极致逍遥背后,竟是无底绝望?读懂庄子才知活着多累
在人类思想史上,庄子是一个极为独特的坐标。他的视野不仅在审视人间烟火,更笼罩了整个宇宙。当一个人孤零零地面对宇宙洪荒,依然能生出“独与天地精神往来”的大气象。
然而,在这超逸出尘的逍遥精神背后,却藏着无边无际的绝望。读懂庄子,便会发现他并非一味高蹈世外,而是因为对人世间的挣扎看透到了极致,才选择用最深沉的放手,去对抗无处不在的重压。
庄子生活在战国中期,那是一个道术分裂、兵荒马乱的时代。他本人一生穷困潦倒,甘于做个无用之人。
司马迁在《史记》中记载,楚王曾派使者带着千金重礼,聘请庄子出任宰相。庄子却笑着拒绝了。他用祭祀用的神牛作比喻:牛被喂养多年,披上华美的绸缎,可一旦被牵进太庙当祭品,就算想做一头孤独的猪,又怎么可能?
庄子宁愿在污泥中像乌龟一样自由地曳尾,也不愿套上名利的枷锁。这种抗拒,源于他对世俗规则最深沉的绝望。
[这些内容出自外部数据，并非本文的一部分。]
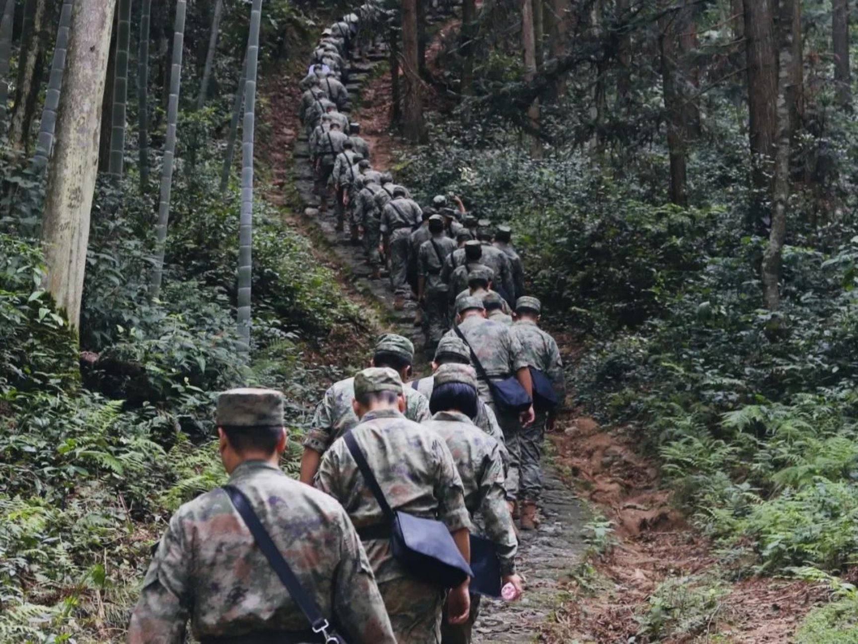 物有甘苦,尝之者识;道有夷险,履之者知。恰逢八一建军节,参训学员重走红军挑粮小道,追寻先辈足迹。有的膝盖有伤也咬紧牙关,坚持走完全程;还有相互帮扶、传授爬山技巧。八一小学老师方庆秋有感而发:“今天走上挑粮小道,脚下是历史,身边是力量,这便是最生动的精神传承。”到达黄洋界时,大家的衣服已被汗水浸透,但此时的士气却很足,“我们徒手上来已经是气喘吁吁、汗流浃背,更何况当年缺衣少穿、敌情紧急的艰苦岁月!”系统工程学院某学员大队政治委员张传磊说道。重走红军路的切身体悟,让 “不忘初心” 四个字在大家心中愈发沉甸甸。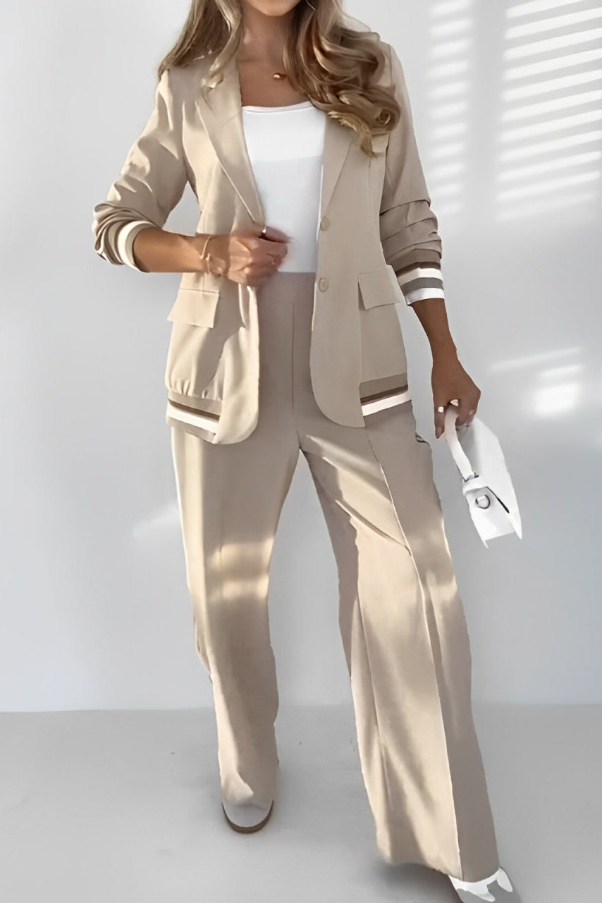 This lounge set includes a structured zip-front top and straight leg trousers designed for a coordinated appearance. The top provides a defined shape, while the trousers maintain a clean silhouette. The set is created for daily use, offering features such as quick drying and minimal maintenance. It is suitable for indoor routines, relaxed outings, or general day-to-day wear without added embellishment.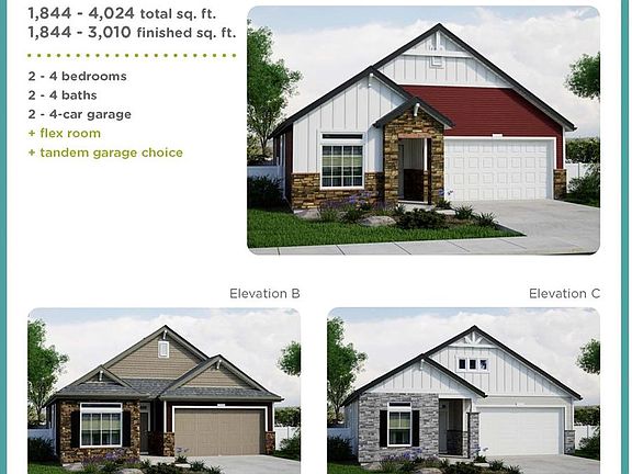 Welcome to the Rendezvous! This spacious home boasts 4024 total sq ft and 2110 finished sq ft. with 2 bedrooms and adjacent full bathrooms, Spa shower at primary bath, a guest suite with private bath, dining room, flex room, 2-car garage, covered patio, Cafe kitchen, fireplace at greatroom and unfinished basement. Elevation C.

我们常说城市是钢筋混凝土的森林。其实,现代人的思想里也到处都是钢筋混凝土。我们沿着社会规训的路线前行,不能拐弯,不能逆行,似乎一切都被规定好了。人们习惯性地把幸福等同于有房有车、有钱有权、有一份体面的工作。很多人都已经忘了,那些“有”是给别人看的,而“无”才是自己的。
庄子用犀利的寓言揭示了这种规训的残酷:“马手穿牛鼻”。牛马天生四足,本该自由,人却给马戴上笼头,给牛穿上鼻环。这就是用人为的秩序去毁灭自然的秉性。世俗所推崇的仁义、名利,在庄子看来,往往成了权力运作的工具,成了套在人身上看不见的绳索。
看透了人间的无可奈何,才知道在重重社会评价体系中活着是多么疲惫。这种无力感跨越三千年,至今仍能刺痛在生活泥潭中努力做着无用功的我们。
面对令人窒息的现实,庄子给出了一剂解药。他用超越常理的语言,构建了一个超越名辩与逻辑的世界。
在《秋水》篇中,他借北海若之口道出,万物的大小、贵贱都是相对的。井底之蛙不可谈海,夏生秋死的昆虫不可语冰。人也是如此,在浩瀚宇宙中,我们不过是沧海一粟。既然得失无定规,生死亦如四季交替,又何必执着于世俗的标准去为难自己?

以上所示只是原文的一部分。